THE PROBLEM
Begin at the line below that has "(⇒年度末の認可申請に向けて". Stop after the line that has "5月5日-5月20日:教育学学科、体育学学科考生分学科专业完成复试工作。", repeating each line exactly and leaving out the pictures.

RECORDS FOR THIS TASK
- - - - - - -

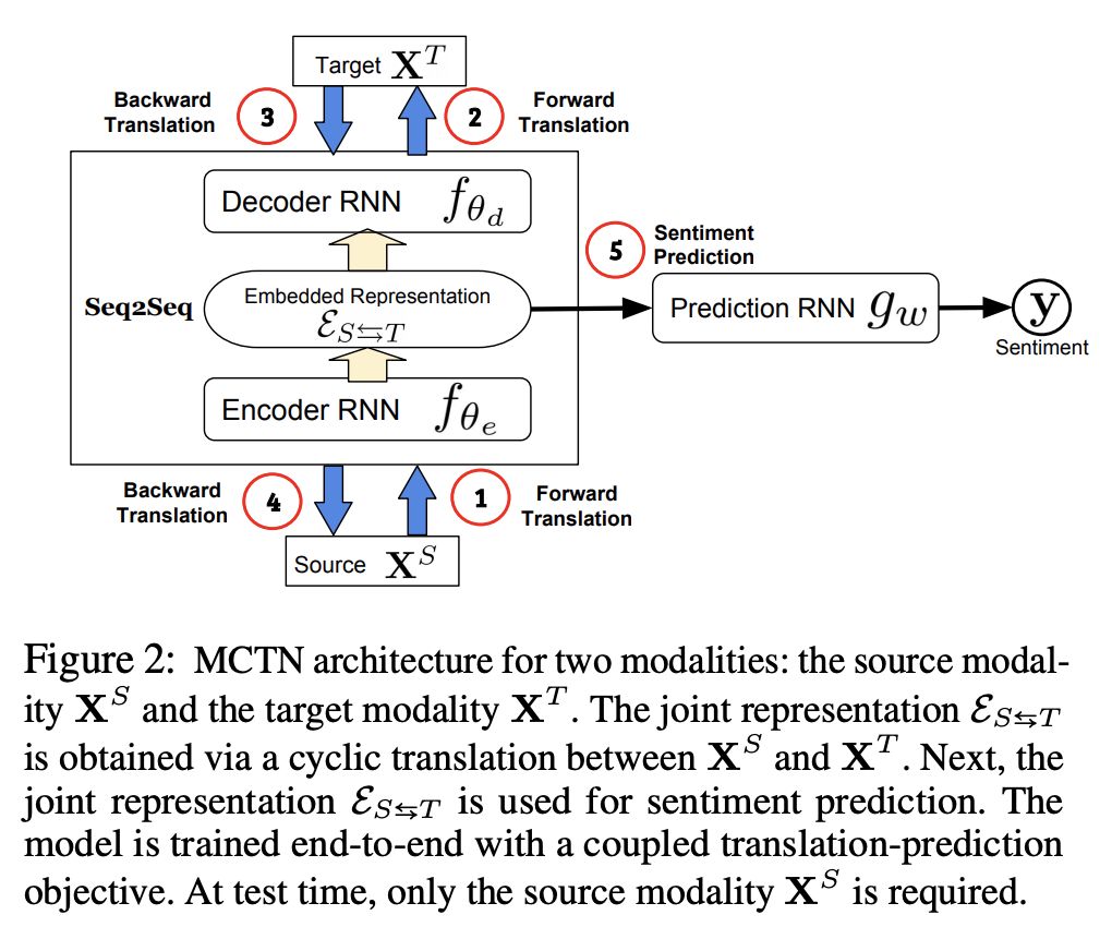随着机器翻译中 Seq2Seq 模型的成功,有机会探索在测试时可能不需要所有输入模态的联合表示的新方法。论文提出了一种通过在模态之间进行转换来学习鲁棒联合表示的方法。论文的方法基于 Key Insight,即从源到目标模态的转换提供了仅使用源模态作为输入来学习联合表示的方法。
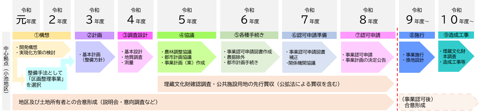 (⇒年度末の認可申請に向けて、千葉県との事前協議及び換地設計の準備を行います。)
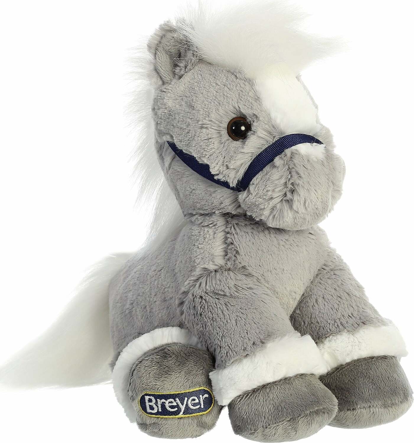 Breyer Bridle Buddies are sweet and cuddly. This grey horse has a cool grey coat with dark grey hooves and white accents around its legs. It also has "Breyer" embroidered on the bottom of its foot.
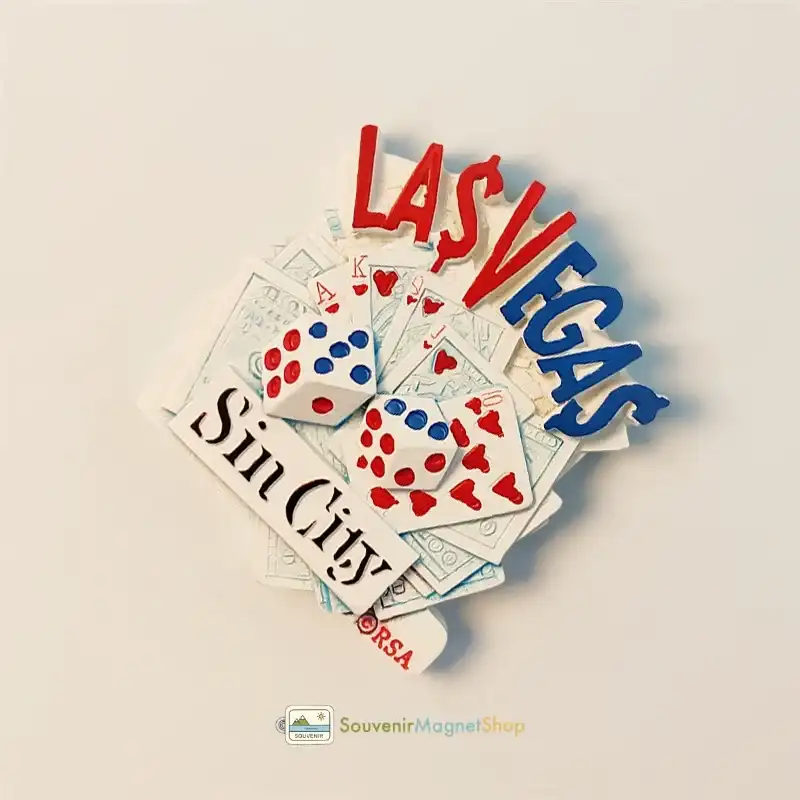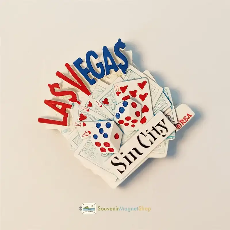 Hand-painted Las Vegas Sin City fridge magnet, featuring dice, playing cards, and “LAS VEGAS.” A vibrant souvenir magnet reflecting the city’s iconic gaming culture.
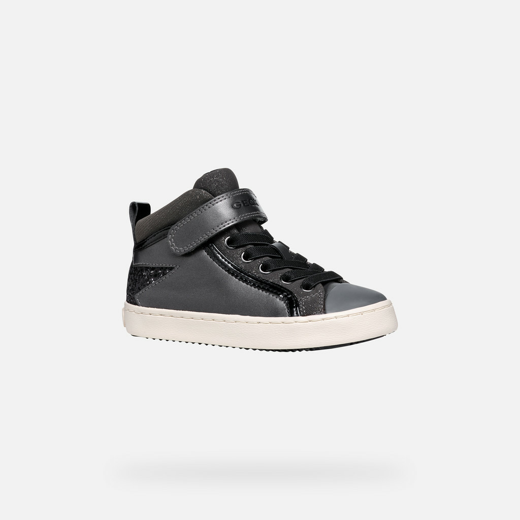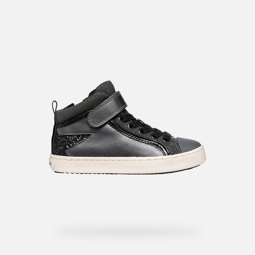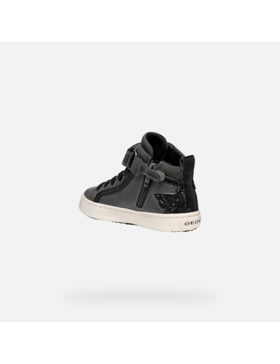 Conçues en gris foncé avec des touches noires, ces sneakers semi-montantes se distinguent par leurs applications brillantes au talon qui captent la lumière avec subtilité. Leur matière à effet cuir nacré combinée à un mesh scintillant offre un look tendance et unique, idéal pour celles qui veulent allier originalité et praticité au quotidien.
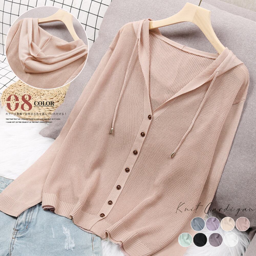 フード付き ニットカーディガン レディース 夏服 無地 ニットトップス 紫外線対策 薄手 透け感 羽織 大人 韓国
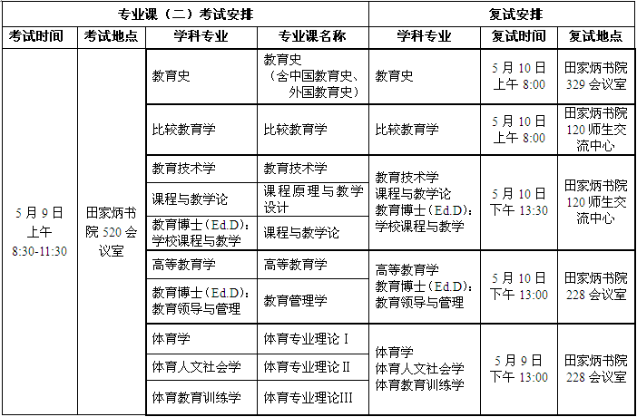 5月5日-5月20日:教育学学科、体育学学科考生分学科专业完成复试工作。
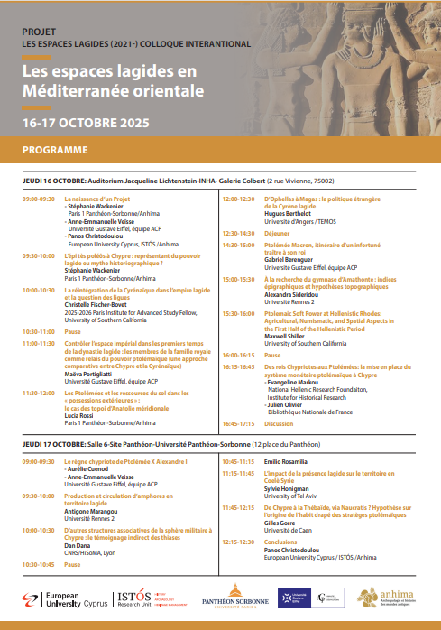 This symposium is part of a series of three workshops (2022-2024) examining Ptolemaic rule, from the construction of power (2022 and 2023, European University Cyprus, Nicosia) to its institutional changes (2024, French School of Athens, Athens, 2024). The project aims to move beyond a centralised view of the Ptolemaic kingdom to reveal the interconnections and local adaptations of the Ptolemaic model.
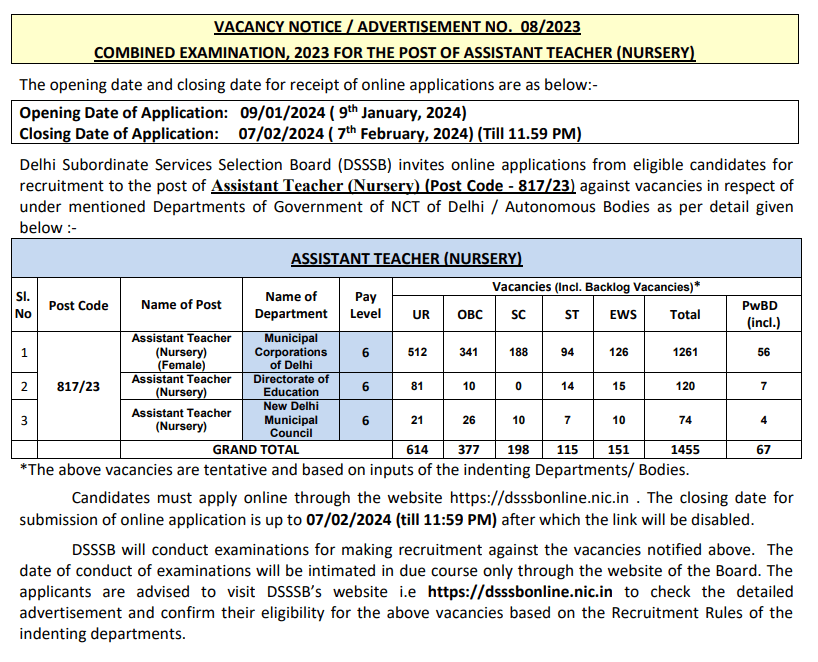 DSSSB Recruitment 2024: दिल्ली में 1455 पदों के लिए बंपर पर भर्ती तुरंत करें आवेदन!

- - - - - - -

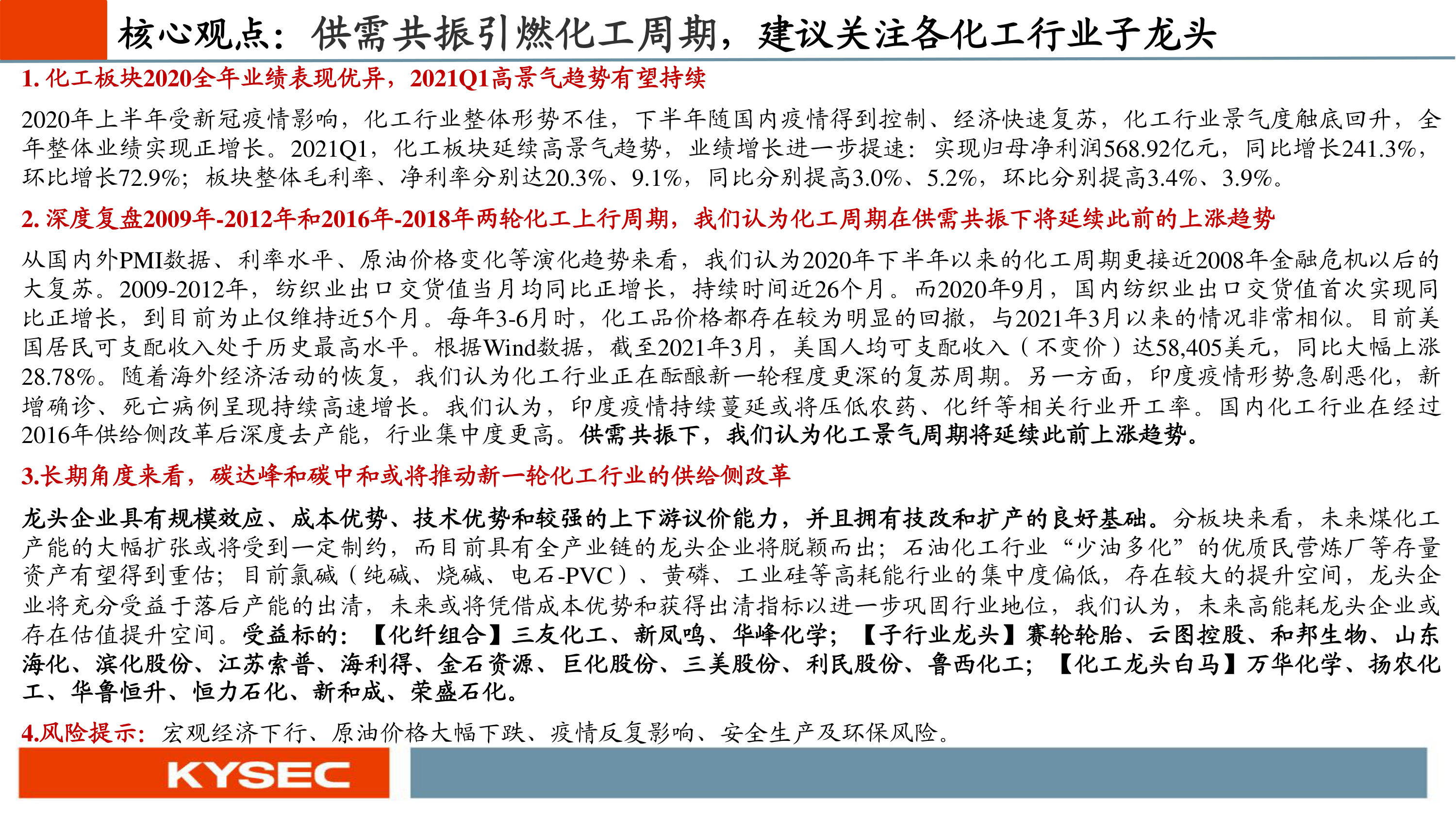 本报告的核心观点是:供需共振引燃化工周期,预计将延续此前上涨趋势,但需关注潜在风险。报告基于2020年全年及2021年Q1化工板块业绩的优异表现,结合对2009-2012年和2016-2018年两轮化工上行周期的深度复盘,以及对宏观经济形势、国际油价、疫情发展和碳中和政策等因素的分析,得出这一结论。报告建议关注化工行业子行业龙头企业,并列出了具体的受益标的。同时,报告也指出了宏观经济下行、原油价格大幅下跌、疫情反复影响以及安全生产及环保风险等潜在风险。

- - - - - - -

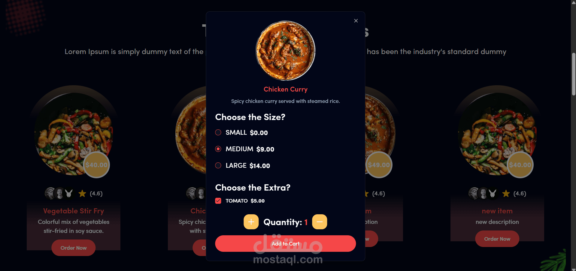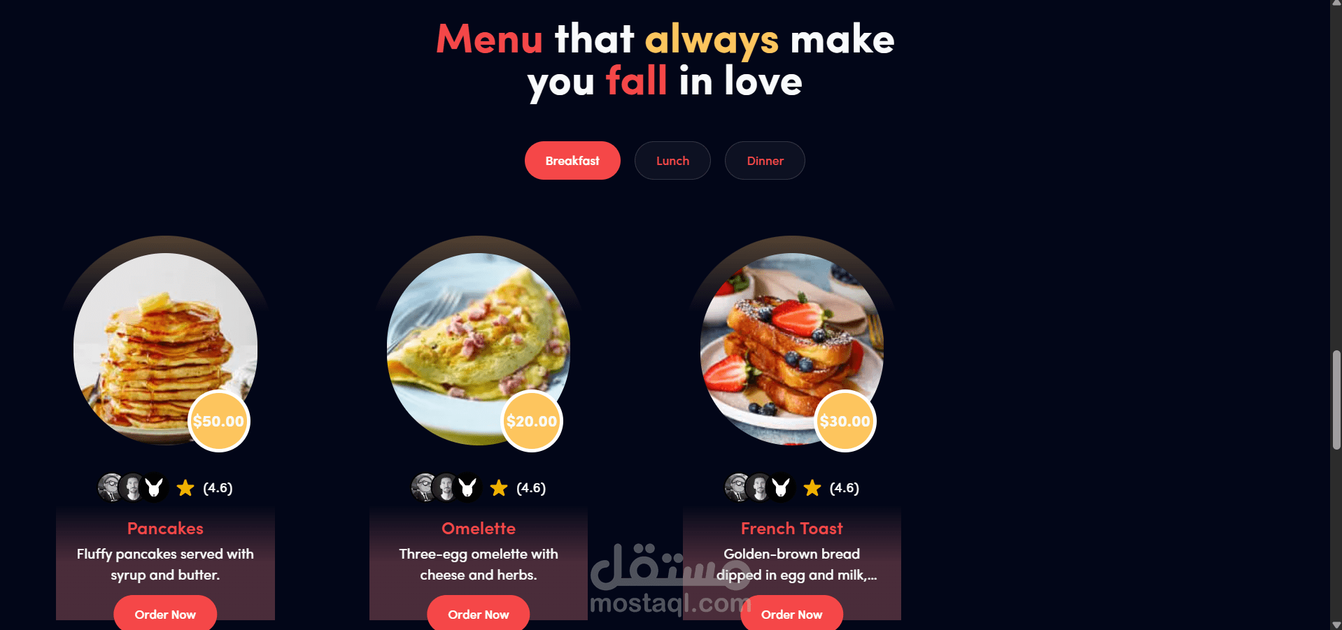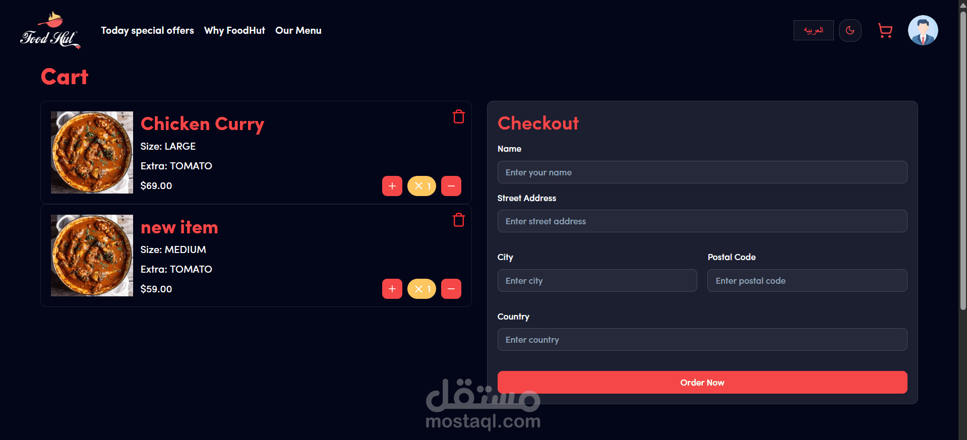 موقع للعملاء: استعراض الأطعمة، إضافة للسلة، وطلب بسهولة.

- - - - - - -

OUTPUT
 (⇒年度末の認可申請に向けて、千葉県との事前協議及び換地設計の準備を行います。)
 Breyer Bridle Buddies are sweet and cuddly. This grey horse has a cool grey coat with dark grey hooves and white accents around its legs. It also has "Breyer" embroidered on the bottom of its foot.
 Hand-painted Las Vegas Sin City fridge magnet, featuring dice, playing cards, and “LAS VEGAS.” A vibrant souvenir magnet reflecting the city’s iconic gaming culture.
 Conçues en gris foncé avec des touches noires, ces sneakers semi-montantes se distinguent par leurs applications brillantes au talon qui captent la lumière avec subtilité. Leur matière à effet cuir nacré combinée à un mesh scintillant offre un look tendance et unique, idéal pour celles qui veulent allier originalité et praticité au quotidien.
 フード付き ニットカーディガン レディース 夏服 無地 ニットトップス 紫外線対策 薄手 透け感 羽織 大人 韓国
 5月5日-5月20日:教育学学科、体育学学科考生分学科专业完成复试工作。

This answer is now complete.